_Source data:_
________

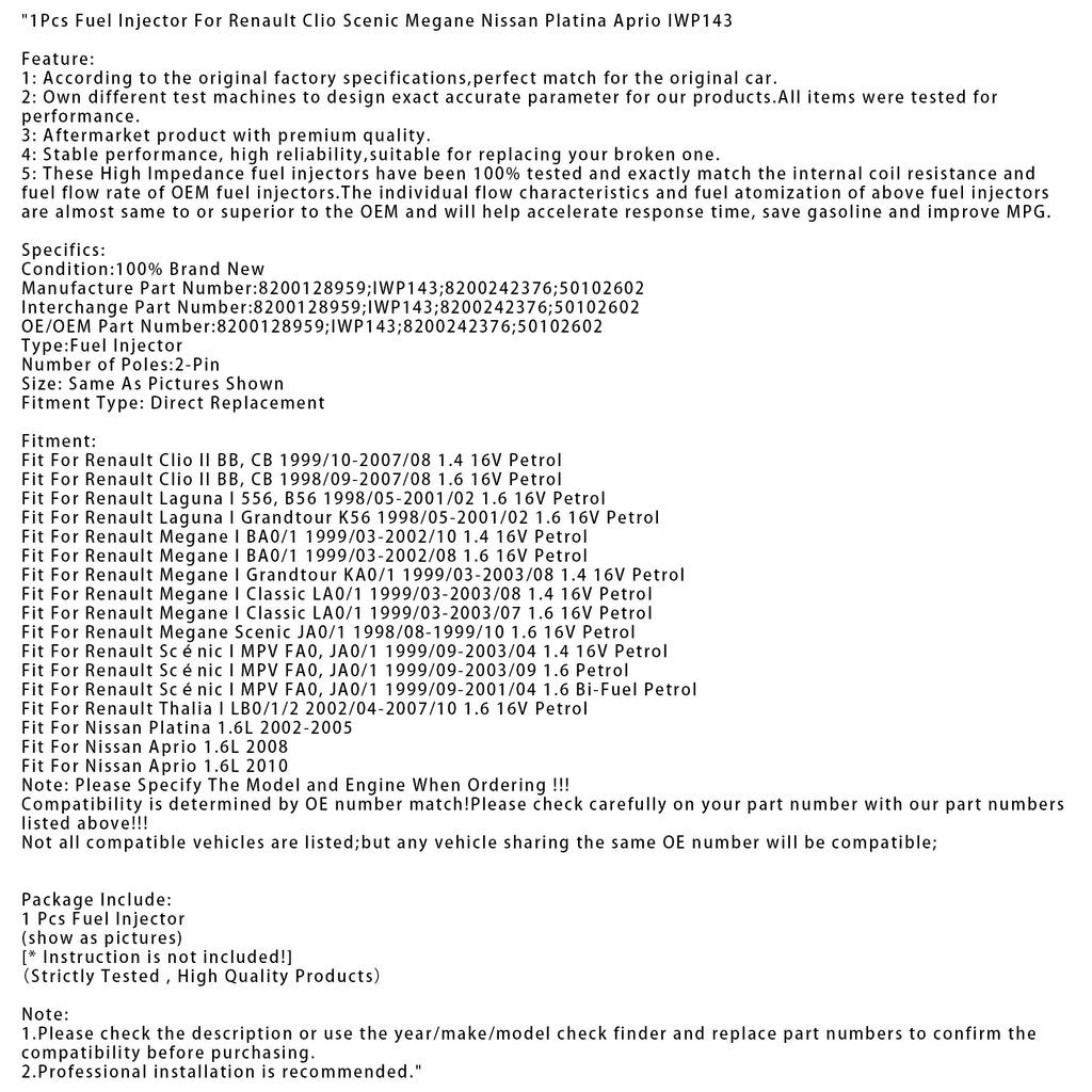 1Pcs Fuel Injector For Renault Clio Scenic Megane Nissan Platina Aprio IWP143
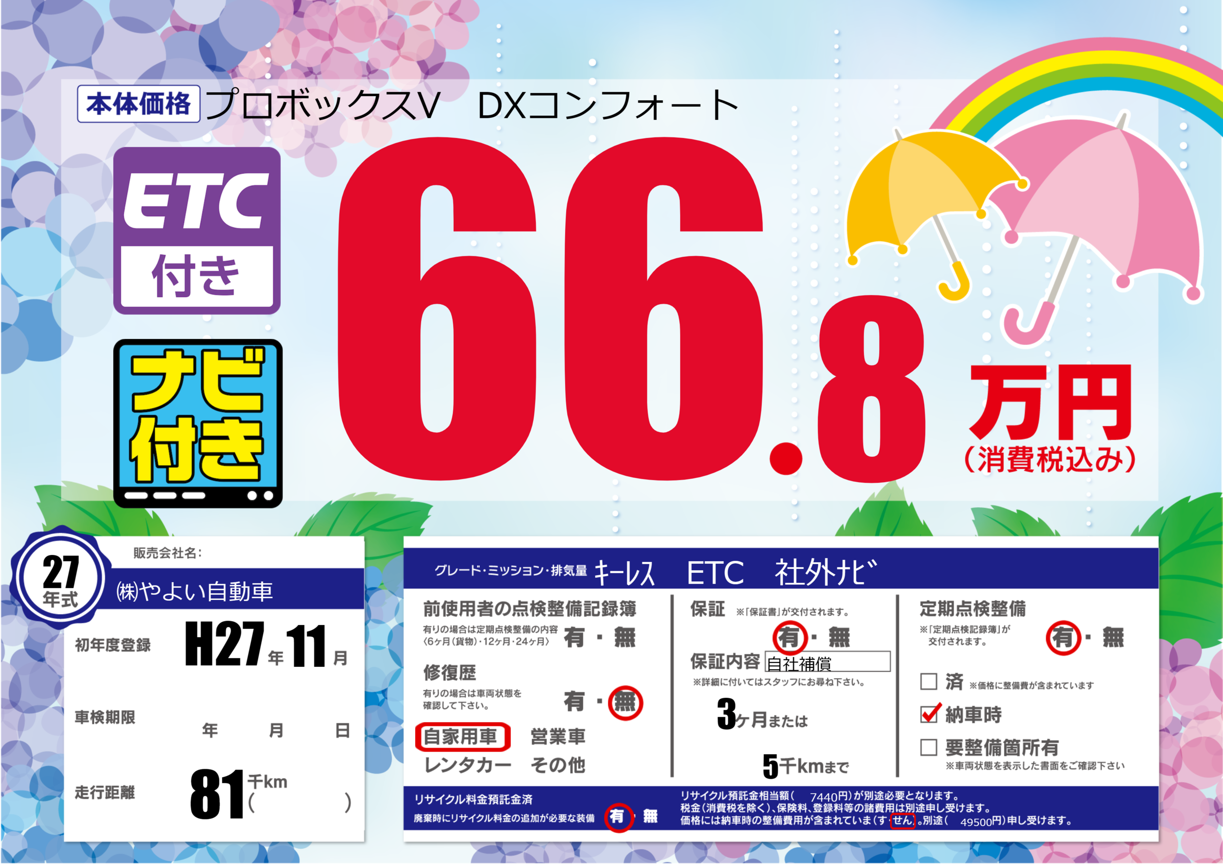 | 車名 | プロボックスV DXコンフォート | グレード ミッション 排気量 |
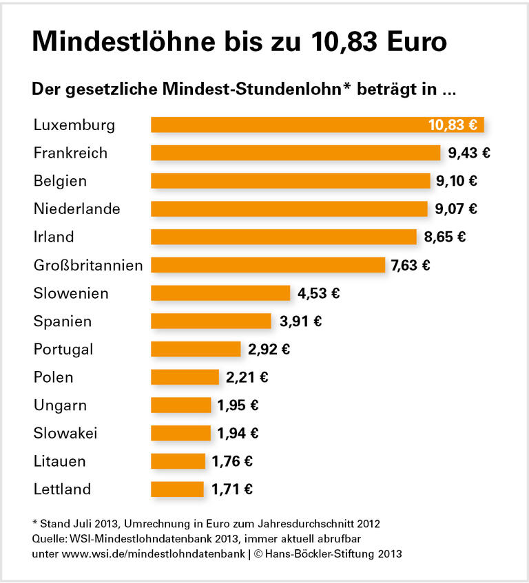 Um die Auswirkungen von Mindestlöhnen auf die Lohnverteilung zu untersuchen, haben Gerhard Bosch und Claudia Weinkopf die Situation in 14 EU-Staaten verglichen. Die meisten Mindestlöhne liegen laut ihrer Analyse unterhalb der Niedriglohnschwelle und haben daher wenig Einfluss auf den Anteil der Geringverdiener. Nur der französische Mindestlohn sei so hoch, dass er einen eigenständigen Beitrag zur Begrenzung des Niedriglohnsektors leiste. In allen Staaten könnten gesetzliche Untergrenzen aber das Ausfransen der Verdienste nach unten verhindern, also die Lohnungleichheit innerhalb des Niedriglohnsektors verringern.

________

_Problem to work on:_
Copy each line of the listing exactly, skipping any picture.

_Your solution:_
 1Pcs Fuel Injector For Renault Clio Scenic Megane Nissan Platina Aprio IWP143
 | 車名 | プロボックスV DXコンフォート | グレード ミッション 排気量 |
 Um die Auswirkungen von Mindestlöhnen auf die Lohnverteilung zu untersuchen, haben Gerhard Bosch und Claudia Weinkopf die Situation in 14 EU-Staaten verglichen. Die meisten Mindestlöhne liegen laut ihrer Analyse unterhalb der Niedriglohnschwelle und haben daher wenig Einfluss auf den Anteil der Geringverdiener. Nur der französische Mindestlohn sei so hoch, dass er einen eigenständigen Beitrag zur Begrenzung des Niedriglohnsektors leiste. In allen Staaten könnten gesetzliche Untergrenzen aber das Ausfransen der Verdienste nach unten verhindern, also die Lohnungleichheit innerhalb des Niedriglohnsektors verringern.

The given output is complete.